Dataset section =
•••

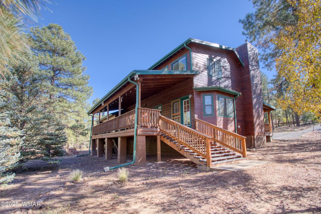 Nestled in the tall pines of Show Low, this stunning cabin offers serene mountain living with modern comfort. A flowing tile floor welcomes you into the light-filled great room, where a floor-to-ceiling rock fireplace anchors the open layout. Tongue-and-groove ceilings with skylights add rustic charm and natural brightness. The spacious kitchen features peninsula bar seating and abundant light, seamlessly connected to a cozy bay-window dining nook. A large pantry leads to the expansive covered back deck"”perfect for entertaining or relaxing in the fresh mountain air. The main-level primary suite boasts a generous ensuite with double vanity, walk-in shower, and even a bidet. Upstairs, a beautiful staircase leads to an open loft with built-in desks, ideal for a home office. Read 'more' The kitchen was remodeled with beautiful granite and under cabinet lighting. Two additional bedrooms and a well-appointed guest bath complete the upper level. Set on a wooded lot in one of Show Low's most desirable areas, this home is a true retreat in the pines. Ideally situated just minutes from the heart of Show Low, this cabin offers the perfect blend of peaceful seclusion and everyday convenience. Enjoy quick access to shopping, dining, and essential services including the hospital all while being tucked away in a tranquil, wooded setting. Outdoor enthusiasts will love being just a short drive from scenic Show Low Lake, where fishing, kayaking, and lakeside picnics await. Whether you're seeking adventure or amenities, this location delivers the best of both worlds. Imagine living in the White Mountains of Arizona where you have 4 beautiful seasons and where you can breathe in the fresh mountain air and enjoy the 40 lakes and over 600 miles of rivers and streams. In addition to the amazing fishing, this area has one of the most extensive trail systems in the southwest for hiking, biking, horseback riding, quadding and more. Sunrise Ski Resort is also just 50 minutes away with 3 beautiful mountains to ski, snow board or sled. If shopping is your interest, you will love the antique stores and the multitude of arts and craft shows that happen in the summer. The music festivals have something to fit everyone's enjoyment. Do you love to golf? There are 7 amazing golf courses, 3 that are public. The White Mountains, where this home/cabin is the best kept secret of Arizona! Come and explore and enhance your living! Pinetop-Lakeside was also voted 'Best Cabin Region in the U.S"... Embrace the MAGIC!
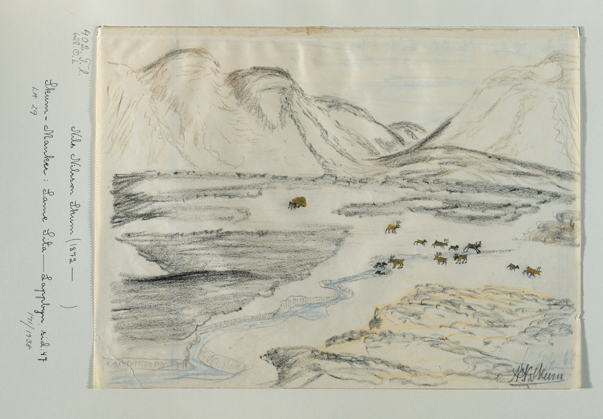 Teckning av Nils Nilsson Skum, troligen utförd mellan 1930 och 1938. Renar, vajor och kalvar, tar sig över fjällbäck. En björn har tagit en ren. Vår.
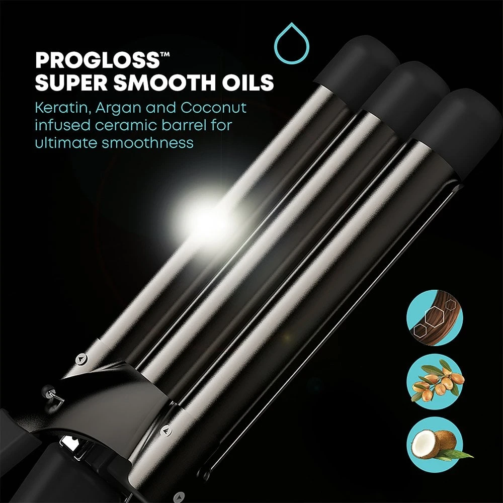 - Progloss™ super smooth oils Keratin, Argan and Coconut infused ceramic barrels for ultimate smoothness.
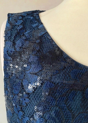 Zapraszam do zakupu sukienki granatowo czarnej koronki ozdobionej cekinami, z podszewką i zamkiem z boku.

•••

Return the listing above unchanged, apart from dropping its pictures.

Solution for this exercise =
 Nestled in the tall pines of Show Low, this stunning cabin offers serene mountain living with modern comfort. A flowing tile floor welcomes you into the light-filled great room, where a floor-to-ceiling rock fireplace anchors the open layout. Tongue-and-groove ceilings with skylights add rustic charm and natural brightness. The spacious kitchen features peninsula bar seating and abundant light, seamlessly connected to a cozy bay-window dining nook. A large pantry leads to the expansive covered back deck"”perfect for entertaining or relaxing in the fresh mountain air. The main-level primary suite boasts a generous ensuite with double vanity, walk-in shower, and even a bidet. Upstairs, a beautiful staircase leads to an open loft with built-in desks, ideal for a home office. Read 'more' The kitchen was remodeled with beautiful granite and under cabinet lighting. Two additional bedrooms and a well-appointed guest bath complete the upper level. Set on a wooded lot in one of Show Low's most desirable areas, this home is a true retreat in the pines. Ideally situated just minutes from the heart of Show Low, this cabin offers the perfect blend of peaceful seclusion and everyday convenience. Enjoy quick access to shopping, dining, and essential services including the hospital all while being tucked away in a tranquil, wooded setting. Outdoor enthusiasts will love being just a short drive from scenic Show Low Lake, where fishing, kayaking, and lakeside picnics await. Whether you're seeking adventure or amenities, this location delivers the best of both worlds. Imagine living in the White Mountains of Arizona where you have 4 beautiful seasons and where you can breathe in the fresh mountain air and enjoy the 40 lakes and over 600 miles of rivers and streams. In addition to the amazing fishing, this area has one of the most extensive trail systems in the southwest for hiking, biking, horseback riding, quadding and more. Sunrise Ski Resort is also just 50 minutes away with 3 beautiful mountains to ski, snow board or sled. If shopping is your interest, you will love the antique stores and the multitude of arts and craft shows that happen in the summer. The music festivals have something to fit everyone's enjoyment. Do you love to golf? There are 7 amazing golf courses, 3 that are public. The White Mountains, where this home/cabin is the best kept secret of Arizona! Come and explore and enhance your living! Pinetop-Lakeside was also voted 'Best Cabin Region in the U.S"... Embrace the MAGIC!
 Teckning av Nils Nilsson Skum, troligen utförd mellan 1930 och 1938. Renar, vajor och kalvar, tar sig över fjällbäck. En björn har tagit en ren. Vår.
 - Progloss™ super smooth oils Keratin, Argan and Coconut infused ceramic barrels for ultimate smoothness.
 Zapraszam do zakupu sukienki granatowo czarnej koronki ozdobionej cekinami, z podszewką i zamkiem z boku.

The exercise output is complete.